I'm half-joking here. You don't exactly have to have learned calculus at age 13, but that gives you an idea of how far ahead you have to be to be to really be assured of success--not that specifically learning calculus at age 13 is any guarantee, either. For the people who aren't absurdly ahead of the game, you could always luck out and have a successful academic career, but the chances are pretty low. So, that means you need a back-up plan.

Because I'm socially retarded, my bar for being a job-search genius is pretty low because someone who is above average at job-searching probably looks like a job-search genius to me (actually, a lot of my own difficulties would be lowered considerably, if I had planned ahead more and done stuff like get an internship). But there are plenty of people who will have great difficulty with it. Physics majors are not particularly known for their outstanding people skills, on the whole.

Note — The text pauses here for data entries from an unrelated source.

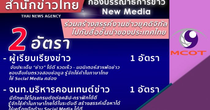 อสมท 1 ส.ค. 2560 – อยากให้มา! ถ้าคุณชอบงานข่าวในยุคดิจิทัล 😁 ✮ มาร่วมสร้างสรรค์งานข่าวยุคดิจิทัลไปกับสื่อชั้นนำของไทย ✮ บริษัท อสมท จำกัด (มหาชน) เปิดรับสมัครบุคคลเพื่อดำรงตำแหน่งต่างๆ ของกองบรรณาธิการข่าว New Media ฝ่ายบรรณาธิการข่าว สำนักข่าวไทย จำนวน 2 ตำแหน่ง เปิดรับสมัครตั้งแต่วันนี้ – อังคาร 18 สิงหาคม 2560 1.ผู้เรียบเรียงข่าว 1 ตำแหน่ง > https://goo.gl/QPBZwa2.เจ้าหน้าที่บริหารคอนเทนต์ข่าว 1 ตำแหน่ง > https://goo.gl/7dpvHb ดาวน์โหลดใบสมัครที่ www.mcot.net/category/ร่วมงานกับเรา สอบถามโทร 0-2201-6330 , 0-2201-6260 😉 – ทักษะที่จำเป็น – 1.ผู้เรียบเรียงข่าว (ทีมข่าวออนไลน์/Newsbar) -จับประเด็น “ข่าว” ได้ดี และรวดเร็ว […]
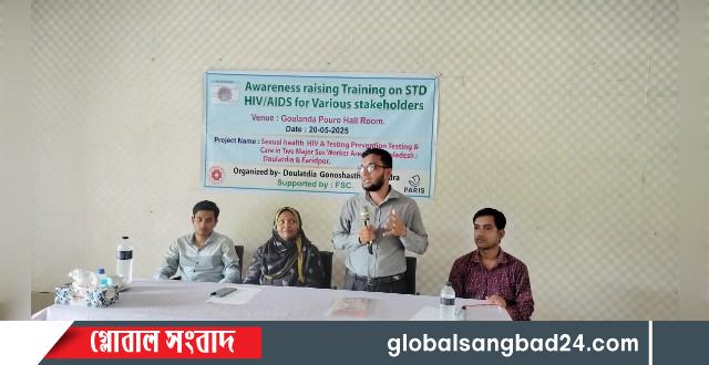 রা জবাড়ীর গোয়ালন্দে বিভিন্ন স্টেকহোল্ডারদের জন্য এইচ আইভি এইডস্ সর্স্পকে সচেতনতা বৃদ্ধিতে এক দিনের প্রশিক্ষণ অনুষ্ঠিত হয়েছে।
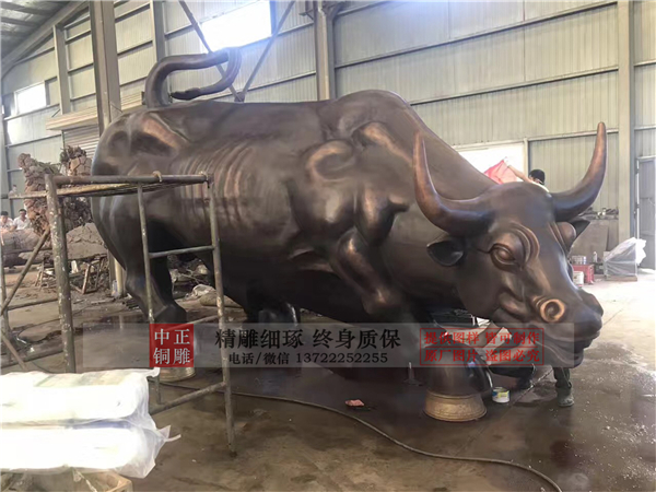 祭祀是古人政治生活中重要的活動之一,而牛是祭祀活動中最高貴的祭祀品。《說文解字》注:“牛,大牲也。”“牲”就是古人祭祀用的全牛。以牛作為祭祀用的最高規格,是漢代社會共有的觀念。《白虎通義》記載:“祭五祀,天子、諸侯以牛,卿大夫以羊,因四時祭牲也。”漢代只有皇帝祭祀才能使用全牛,并且有嚴格的程序規定。老百姓不能屠牛用于祭祀,“曉諭百姓,民不得有出門之祀,違者案論之,有屠牛者輒刑罰。”以牛襯托統治階級高高在上的等級觀念,使得牛在政治中有了特殊的象征意義。中正銅雕-銅牛制作流程,加工銅牛制作流程,定做銅牛制作流程,我公司集科研、開發設計、普通鑄造、一次性整體澆鑄、精密鑄造于一體。本公司技術力量雄厚,設備,不但重視中國青銅器原有的藝術風格,還繼承了文物原有的藝術品味,在繼承和發揚古老文化的同時,更深一步為新老客戶定身量制各種銅制、鐵制工藝品等產品,曾多次受到寺廟長老和美術學院教授的好評。
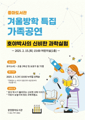 [¹Ìµð¾îÀü³² ÀÓ¼º¿Ï ±âÀÚ]±¤¾çÁ߸¶µµ¼°üÀÌ °Ü¿ï¹æÇÐÀ» ¸Â¾Æ Áö¿ª ¾î¸°À̵鿡°Ô °úÇаú ¸¶¼úÀ» °áÇÕÇÑ Æ¯º°ÇÑ °ø¿¬À» ¼±º¸ÀδÙ. ¡®È£¾ß¹Ú»çÀÇ ½ÅºñÇÑ °úÇнÇÇ衯Àº 2¿ù 15ÀÏ ¿ÀÈÄ 3½Ã¿¡ ±¤¾çÁ߸¶µµ¼°ü¿¡¼ ¿¸°´Ù. °¡Á· °ø¿¬ Àü¹®´Üü¡¦
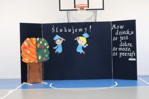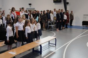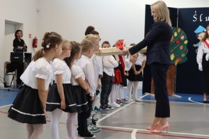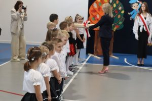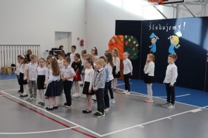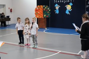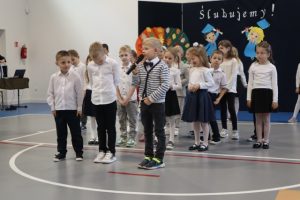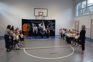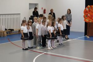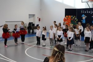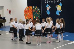 Przed aktem ślubowania, które uroczyście poprowadziła Pani Dyrektor Katarzyna Spera, dzieci zaprezentowały się w części artystycznej, pokazując swoje talenty i umiejętności.  Z wielkim zaangażowaniem wykonały piosenki, recytowały wiersze i tańczyły.
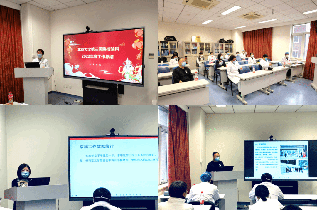 首先,崔丽艳主任从医疗、教学、科研、党团工会建设等方面对北京大学第三医院检验科工作进行了全面的总结。崔主任表示,2022年虽然受到疫情的影响,但各专业组工作量仍然持续增长。2022年检验科的工作重点是搭建高质量平台学科,提升临床服务能力,对标对表稳步推进检验科高质量发展。检验质量始终是检验科可持续发展的基石,在全科同事的齐心努力下,顺利通过了各项室间质量评价。同时,检验科在教学和科研工作中也取得了令人满意的成绩。党团工会组织了丰富多彩的活动,并于2022年成功获批“北京大学模范职工小家”。至今,检验科已陆续推出十九期“健康科普大讲堂”系列活动。今后,我科将继续采用多种宣传方式,争取科普宣传工作办得更有活力和新意。2023年检验科将在持续落实医疗质量的同时,着力加强人才培养和学科建设,期待在兔年我们携手并进,砥砺前行,满载收获。
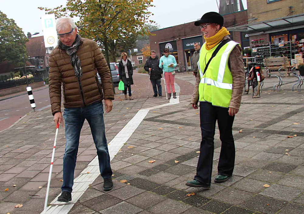 Voorbijgangers worden bovendien uitgenodigdin de huid te kruipen van een visueel beperkte. Jan Garderenbroek die ter hoogte van de Zaak van Ermelo langsloopt durft de uitdaging wel aan. Gewapend met een witte stok en een simulatiebril op probeert hij onder toeziend oog van Alies zijn weg te vinden. Dat valt niet mee. "Wat is dit ingewikkeld zeg, je staat gewoon doodsangsten uit. Want je wereld wordt ineens een stuk kleiner. Ook krijg je echt de neiging om in elkaar te duiken van angst."
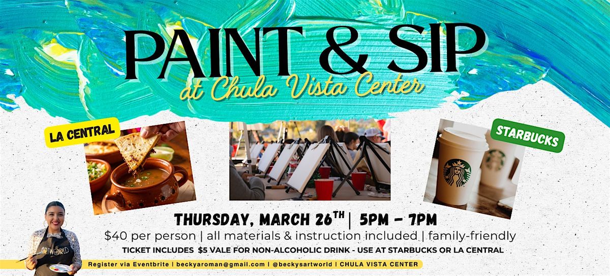 Join us for a fun-filled afternoon of painting, creativity, and good vibes! Whether you're a seasoned artist or just looking to try something new, this event is perfect for everyone. All instruction and step by step instructions included. Ticket includes a $5 value to use at Starbucks or La Central. Bring your friends or family and kids, have fun, and let's make some colorful memories together at the plaza. Don't miss out on this awesome experience!
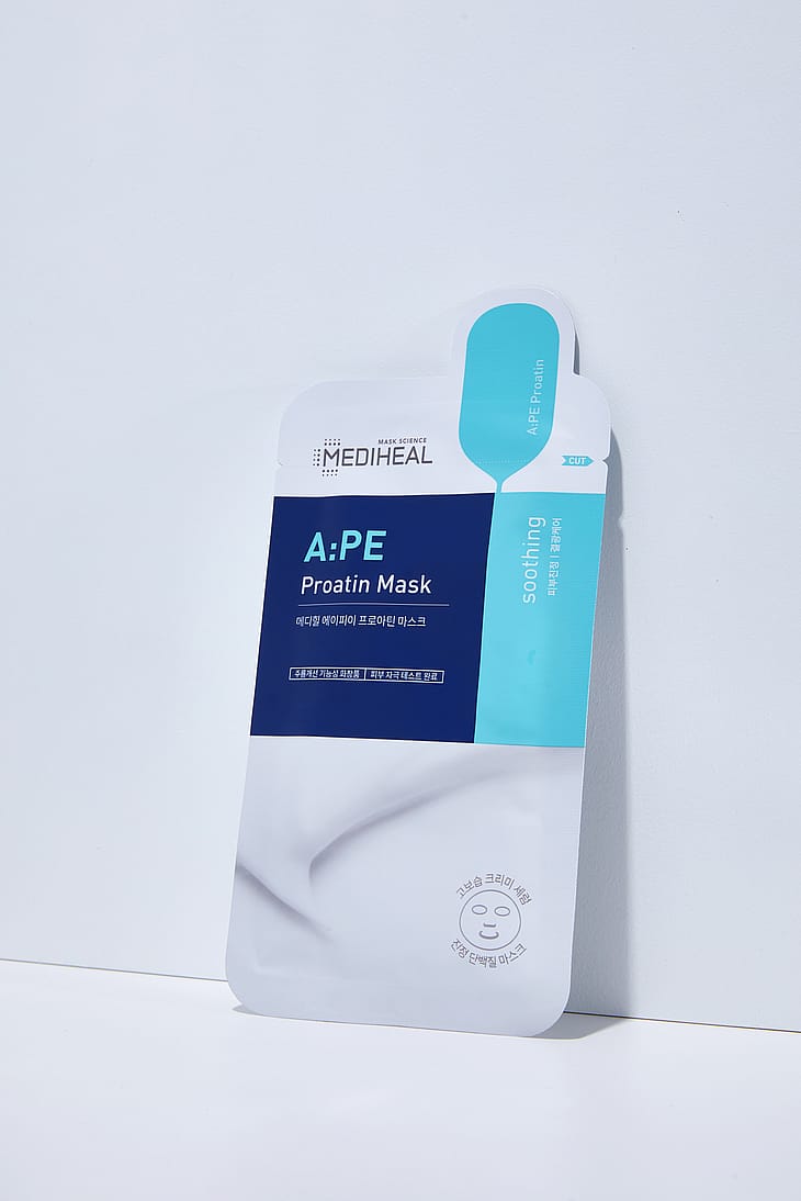 MEDIHEAL A:PE PROATIN MASK er en beroligende maske, der indeholder ekstrakt fra edelweiss-plante og fermenteret ekstrakt fra California yerba santa.
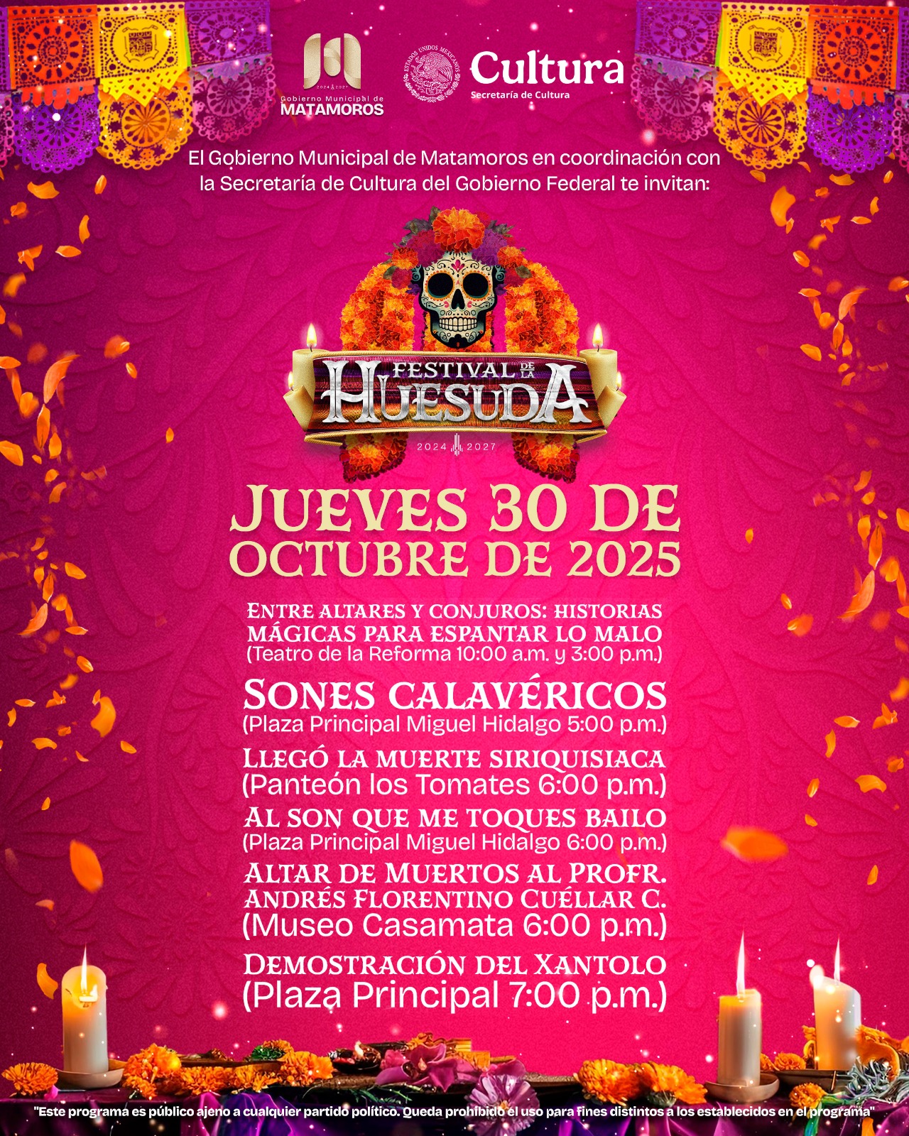 H. Matamoros, Tamaulipas.- El Gobierno Municipal de Matamoros, que encabeza el alcalde Beto Granados, invita a todas las familias a disfrutar este jueves 30 de octubre del Festival de la Huesuda 2025, una jornada llena de arte, música y tradición que celebra la vida y rinde homenaje a nuestras raíces.
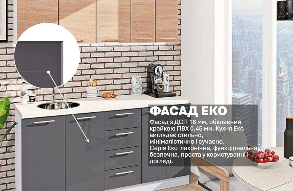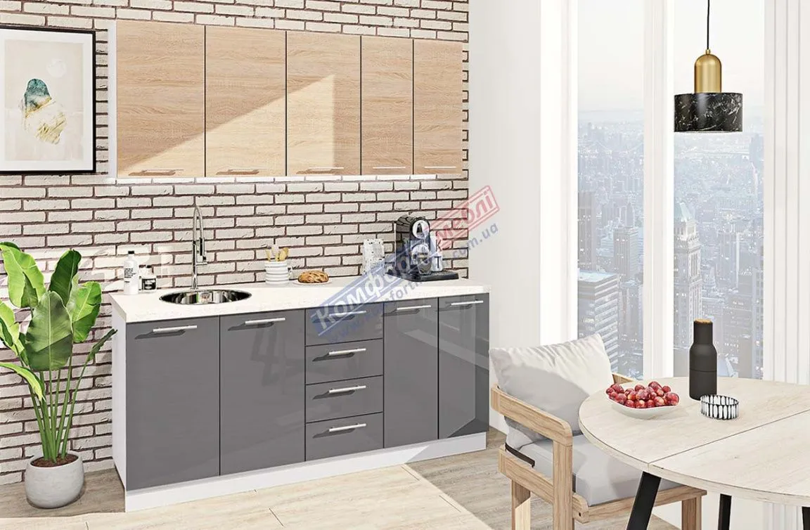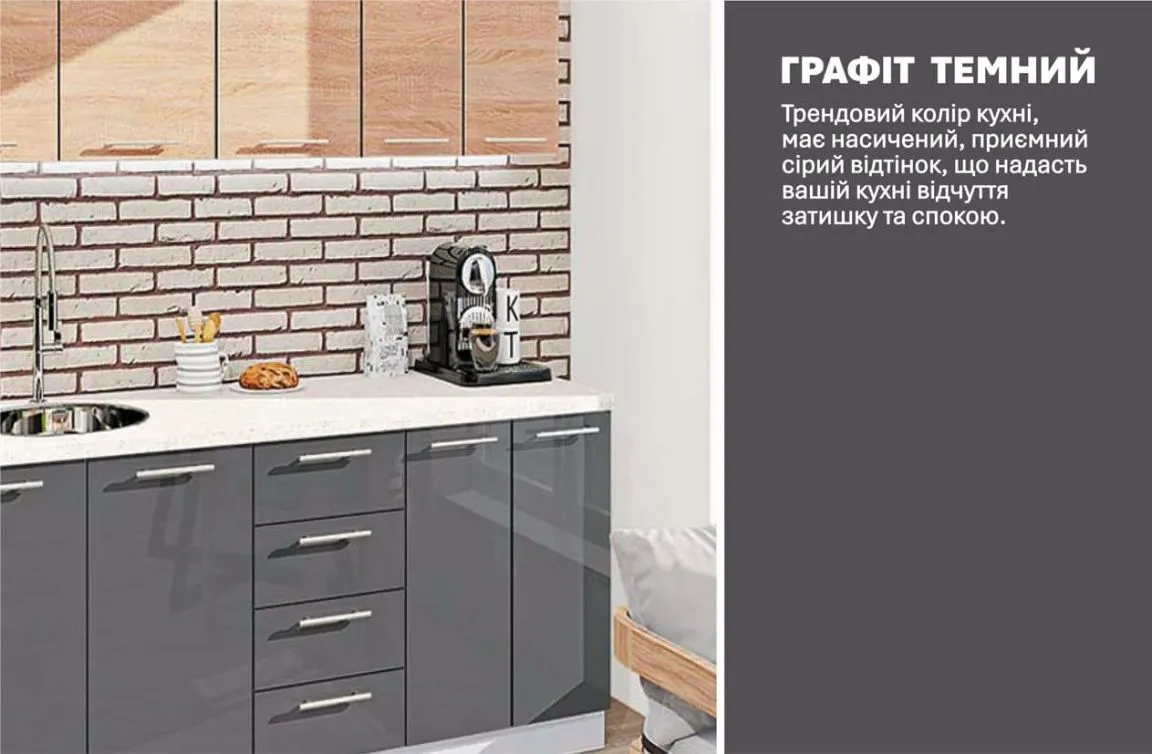 Готовая кухня Комфорт Эко 180 см прямая Графит, Дуб натуральный
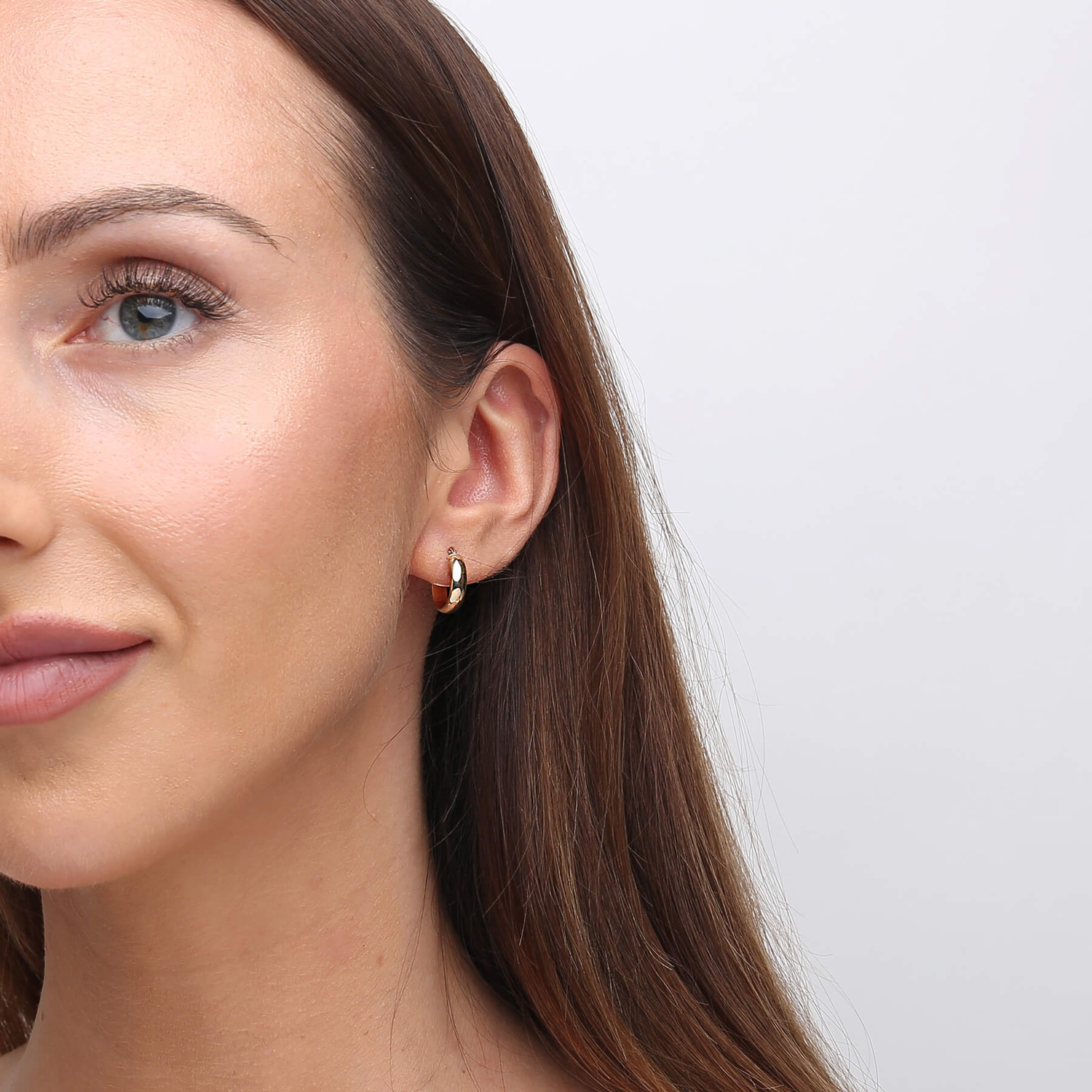 - Klassische minimalistische Creolen mit komfortablem Klappverschluss. Hergestellt aus 585er Gelbgold (14 Karat).
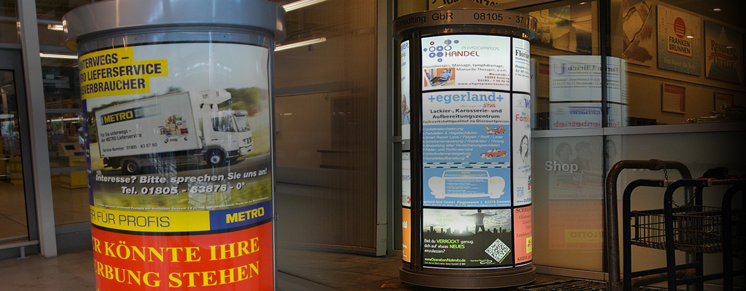 Der starke Rückgriff auf hochwertige Präsentations-Werbeträger ist eine Entwicklung, die sich in den kommenden Jahren noch verstärken wird, trotz rückläufiger Ausgaben – z.B. in der klassischen Plakatwerbung. Durch Ihre Exklusivität treffen sie den Nerv der Zielgruppe und sind damit ein werbewirksames Medium. Profitieren Sie von diesem Trend. Unsere modernen Werbemedien steigern Aufmerksamkeits- und Kontaktwerte für Ihre Produkte und Dienstleistungen. Ein optimales Kosten-/ Nutzenverhältnis und geringe Streuverluste sprechen für den Einsatz unserer Werbedisplays.

Of course, with a little luck maybe the economy will get better and employers might get better at hiring people in a few years, but you never know.
 
  • #19
It seems that everything that needs to be said has been said. And then some.
 

Related to Plan for a prospective "warp theorist"

1. What is a "warp theorist"?

A "warp theorist" is a scientist who studies and develops theories related to the concept of faster-than-light travel, also known as "warp drive". This field of study falls under the broader category of theoretical physics.

2. What is a "Plan for a prospective warp theorist"?

A "Plan for a prospective warp theorist" is a detailed outline or roadmap for a scientist who wants to become a warp theorist. It typically includes steps for obtaining the necessary education, conducting research, and making contributions to the field.

3. What skills and knowledge are required to become a warp theorist?

To become a warp theorist, one typically needs a strong background in mathematics, physics, and engineering. Knowledge of topics such as general relativity, quantum mechanics, and thermodynamics is also important. Additionally, critical thinking, problem-solving, and creativity are essential skills for a warp theorist.

4. What are some potential challenges in developing a theory of warp drive?

Some potential challenges in developing a theory of warp drive include the need to reconcile the theory with established laws of physics, such as the theory of relativity, and the need to overcome technical limitations and practical barriers. Additionally, funding and resources may be limited for research in this area.

5. What are the potential implications of a successful theory of warp drive?

If a successful theory of warp drive is developed, it could revolutionize space travel and exploration by allowing us to travel much faster and farther than ever before. It could also have implications for our understanding of the universe and the laws of physics. However, there may also be ethical and societal considerations to take into account.